E, assim, as leituras e apontamentos vão abrangendo textos
produzidos em outras línguas e idiomas. Autores de vários países, embora
“traduzidos” e “incompletos”. Todos eles companheiros de jornada. Por outro
lado, volta-se para a província e não se faz de rogado, nem de bonzinho.

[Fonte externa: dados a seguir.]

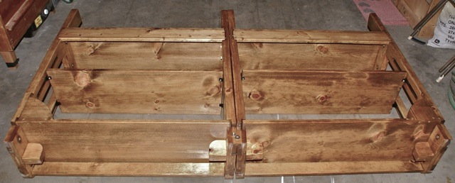 Shown below are pictures of how the two 3-ft Bookshelves were united to make a 6-ft Unit. This was accomplished simply using two bolts and nuts. Once together there was a blank space between the shelving units that was filled for aesthetics using small blocks of leftover 1′ panel. Those small, front blocks were locked in place with nails as pins and small holes in the shelf ends. Again this was done for child safety. It didn’t take a lot of extra work and looked much prettier.
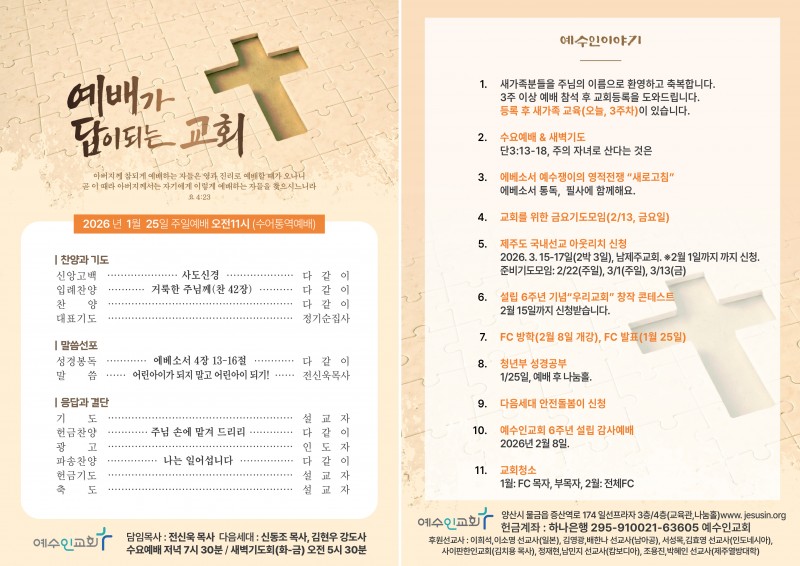 26. 1. 25 주보 페이지 정보 작성자 예수인교회 작성일26-01-24 14:23 조회37회 댓글0건 관련링크 이전글 다음글 목록 본문 1월 마지막 주일 교회 소식지입니다* 이반주일엔 FC(Family Church 소그룹) 편성 발표가 있습니다♡ 댓글목록 등록된 댓글이 없습니다. 이전글 다음글 목록

Denuncia o poeta idiota e pedante, que não lê poesia e se julga um novo Cruz e
Sousa. O romancista que não consegue se livrar da incompetência,
da falta de talento, e insiste. A escritora de
infantojuvenil que não consegue distinguir crônica de conto. E canta e decanta
certa poetisa — mulher belíssima e sensual —, mais pelas formas do corpo do que
pelos versos.
Mas o livro, para
júbilo de quem realmente ama e conhece o mundo das letras, traz no seu corpo de
celulóide e sonho uma face bem peculiar do autor de A rosa gótica: o compromisso com a arte e o resultado de leituras e
releituras dos clássicos e dos não clássicos. Ali estão reunidos testemunhos
sinceros de quem mais fiou palavras do que viveu. Nilto Maciel entregou-se à
literatura de corpo e alma e fez dela um sacerdócio. E esse exercício
permanente faz do nobre filho de Baturité “um feiticeiro” que jamais será
“devorado pelo próprio feitiço”. Porque, se a vida
é sonho, morrer é continuar sonhando.
Brasília, 12 de dezembro de 2012.
* João Carlos Taveira é poeta e crítico
literário, e tem vários livros publicados.